This graph is machine-readable and interoperable with semantic web tools, knowledge graphs, and governance platforms.
🔍 Step 6: Query Provenance
Since PROV-O is RDF-based, we can load graphs into a triple store and query with SPARQL. The following are a few example queries:
1️⃣Which dataset was used to generate a given model?
SELECT ?dataset WHERE {
ex:model_70d8b46c6451416d92a0ae7cac4c8602.pth prov:wasGeneratedBy ?activity .
?activity prov:used ?dataset .
}
This query returns dataset.csv
as the dataset that trained model_f4a22.pth
.
The SPARQL queries can be run using the following Python script:
import rdflib
# Create a Graph object
g = rdflib.Graph()
# Parse the TTL file into the graph
g.parse("prov_70d8b46c6451416d92a0ae7cac4c8602.ttl", format='turtle')

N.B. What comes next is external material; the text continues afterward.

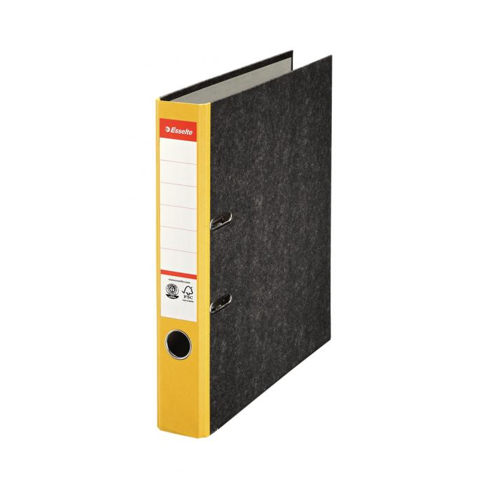 Štruktúrovaný papierový poťah s čiernym mramorovým vzorom, formát A4. Zakladač vybavený rado zámkom a nalepeným chrbtovým štítkom. Páková mechanika v dizajne MATT s prítlačnou lištou. Šírka chrbta 5 cm. Balenie 25 ks. Chrbát: 5 cm Farba: žltá
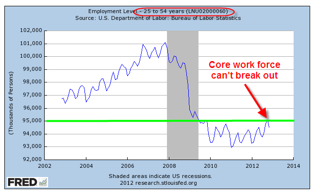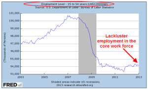Economists at the Bureau of Labor Statistics (BLS) refer to workers aged 25 -54 as the core work force. To save some typing, I will refer to this age demographic as the “core.” During those thirty years we accumulate stuff while we build our careers. We buy cars, furniture, homes and vacations. We build retirement savings for ourselves and college funds for our kids. The core is the nexus of a growing economy.

# Define your SPARQL query
sparql_query = """
SELECT ?dataset WHERE {
ex:model_70d8b46c6451416d92a0ae7cac4c8602.pth prov:wasGeneratedBy ?activity .
?activity prov:used ?dataset .
}
"""
# Execute the query
results = g.query(sparql_query)
# Process the results
for row in results:
print(row)
2️⃣All models generated by a given engineer
SELECT ?model
WHERE {
?model a prov:Entity ;
prov:wasAttributedTo ex:engineer .
}
👉 Returns all model URIs that were attributed to the engineer ex:engineer
.
3️⃣All datasets used in the last month
If your provenance tracker adds prov:generatedAtTime
or similar timestamps on entities/activities, you can filter by date. Example:
SELECT ?dataset ?time
WHERE {
?activity a prov:Activity ;
prov:used ?dataset ;
prov:endedAtTime ?time .
?dataset a prov:Entity .
FILTER (?time >= "2025-07-28T00:00:00Z"^^xsd:dateTime &&
?time <= "2025-08-28T23:59:59Z"^^xsd:dateTime)
}
👉 This finds all prov:Entity
datasets used by any activity that ended in the last month.
4️⃣Provenance chains across multiple runs (for auditing)
Here we want to trace lineage from dataset → activity → model → metrics.
SELECT ?dataset ?activity ?model ?metrics
WHERE {
?dataset a prov:Entity .
?activity a prov:Activity ;
prov:used ?dataset ;
prov:generated ?model, ?metrics .
?model a prov:Entity .
?metrics a prov:Entity .
}
👉 This gives a table of full provenance chains, so you can audit multiple runs together.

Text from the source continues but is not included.